His philandering was revolting, and naturally the media shills clammed up about it. I think it was Bernard Kalb who 20 or 25 years later mentioned seeing JFK chasing some laughing female staffer into an office in the evening hours, and claiming that kind off thing was never considered anything but off-limits.
It’s probably safe to say that JFK wasn’t the first — even boring old Warren G Harding was a womanizer while in office, but managed to keep that secret, and it probably wasn’t at the level of JFK and his fellow lanceman RFK. It’s difficult to believe that their wives remained blissfully unaware.
We’d better be careful about defending Nixon around here. :’)
Nixon was easily in the upper tier of US presidents, and that’s impressive considering the fact that he was impeached but not convicted because he resigned in disgrace. During the Frost interviews Nixon was answering a question about his political roots as it were, and even his eyes widened when he said the name “Adlai Stevenson” — the fact is, Nixon wasn’t a finishing school elite prig, but he was brilliant.
The media was against him in general because of his 1962 “won’t have Dick Nixon to kick around any more” farewell speech. He spent a few years as the attorney for Pepsico, even travelled to the USSR on that gig, and tried to visit his “Kitchen Debates” adversary Khruschev, still living as a non-person under house arrest. Nixon described the burly female armed guard who stood in his way as he tried to knock on the door.
I recall that he was one of the footstompers cheering Goldwater during the 1964 Pubbie convention; and of course, his 1968 return was one of the all-time political success stories, and should be remembered and taught as such. Humphrey lost by a slightly wider margin in 1968 than Nixon had lost in 1960, but Nixon was reelected in a massive landslide in 1972; the only President who won all of the Electoral College votes was Washington, in a much smaller nation, and Nixon (as of 1972) was in the number two slot (maybe still is).

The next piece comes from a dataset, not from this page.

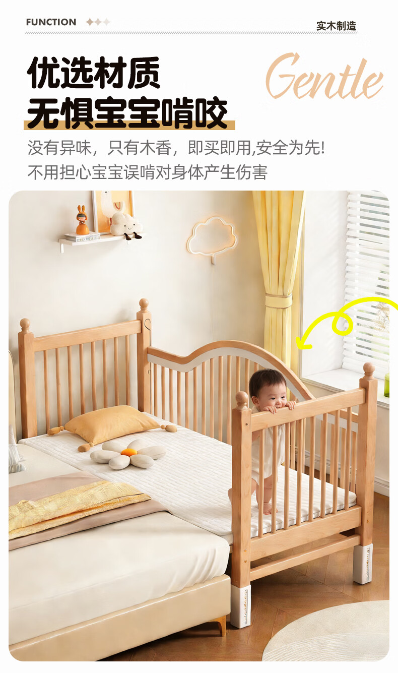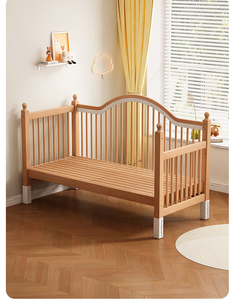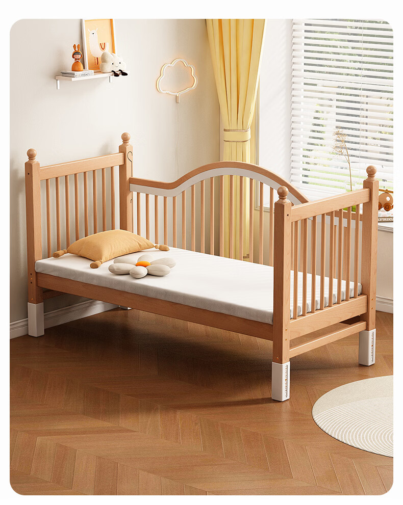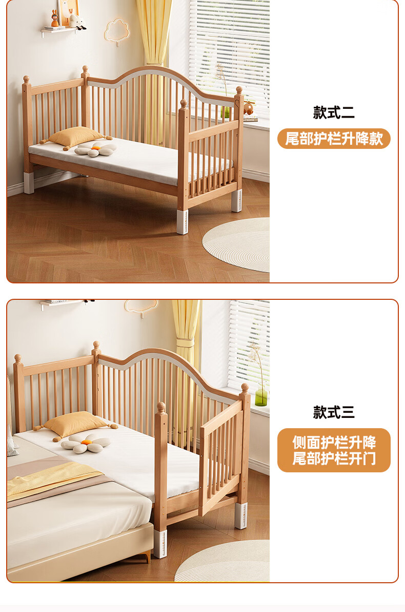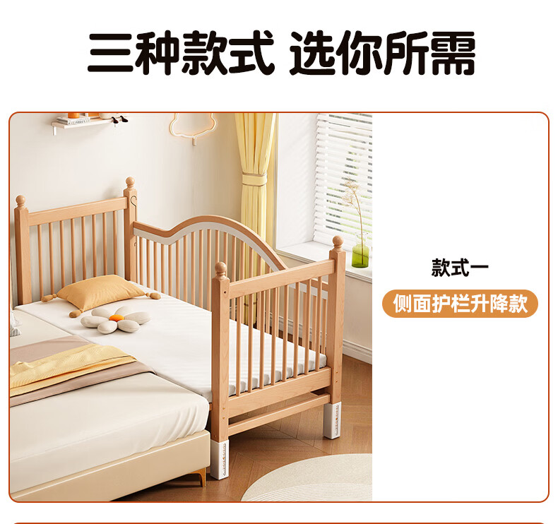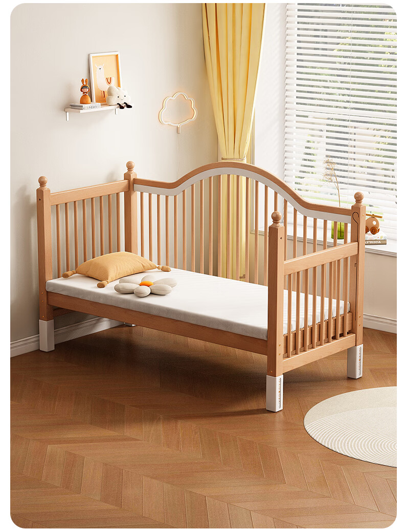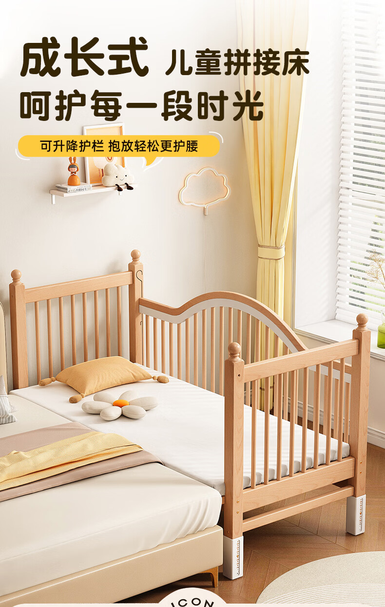 贝幸福 BAYLUCK榉木拼接床婴儿床实木儿童床加宽小孩床边床加高护栏可升降儿童床 单床(三面护栏)+10cm可拆洗空气纤维垫+纯棉床围 200*100CM【侧面升降+尾部带门 全榉木】
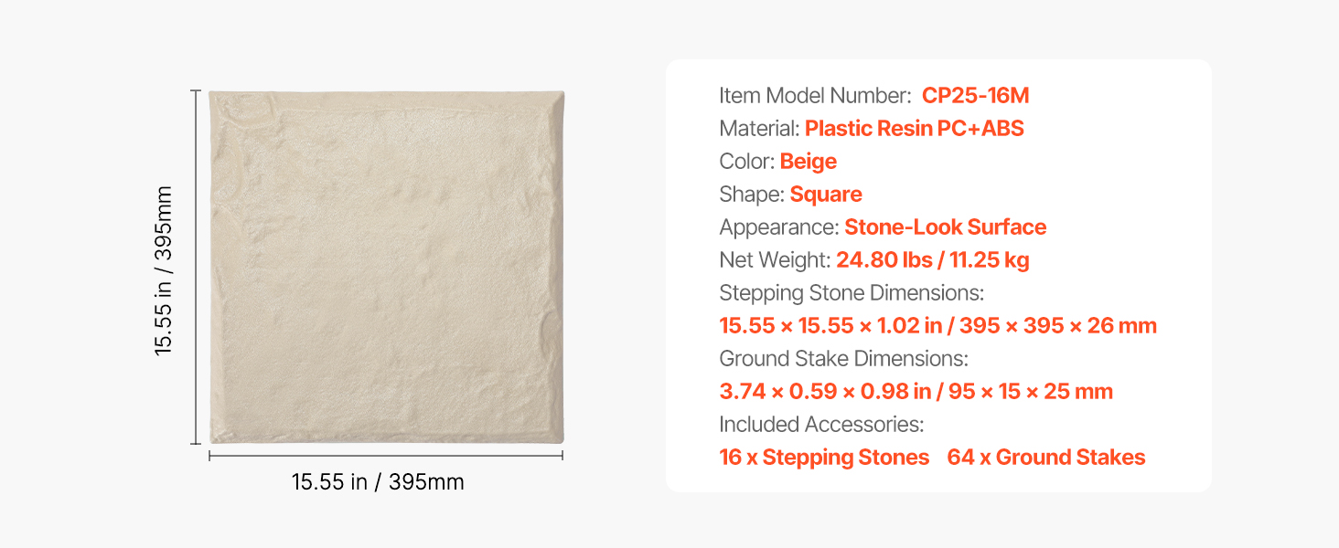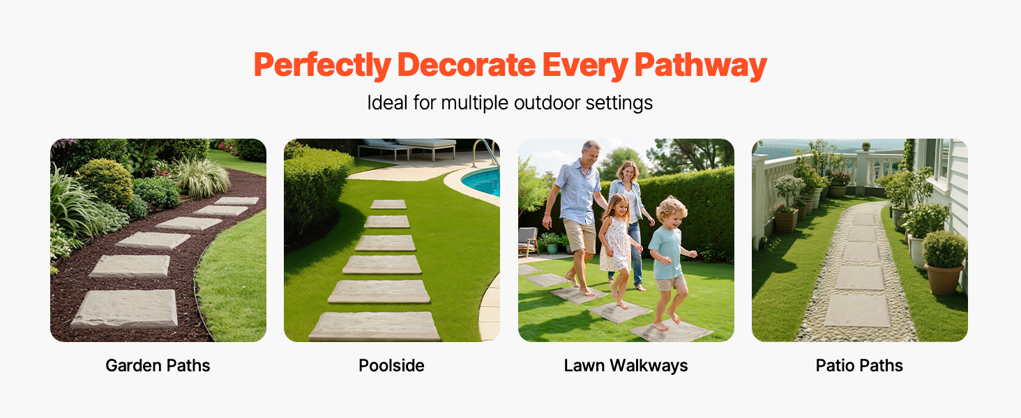 Tieto 16-dielne záhradné krokové kamene sú vyrobené z odolného PC a ABS plastu, ktorý odoláva slnku, dažďu a mrazu bez deformácie alebo vyblednutia. Každý krokový kameň obsahuje 4 zemné kolíky a vystuženú základňu pre extra stabilitu – ideálne pre domácnosti s deťmi a domácimi zvieratami.

He ended Johnson’s war in Vietnam by bombing Hanoi to the peace table; he engineered the Shanghai Communique and opened China; he tried to get Congress to balance the budget and got one year’s worth of surplus instead; when the national debt exceeded the value of the federal stockpile of bullion, he initiated the modern currency system (and boy, are some people still sore about that). And he managed to do this with Demwit majorities in both houses of Congress.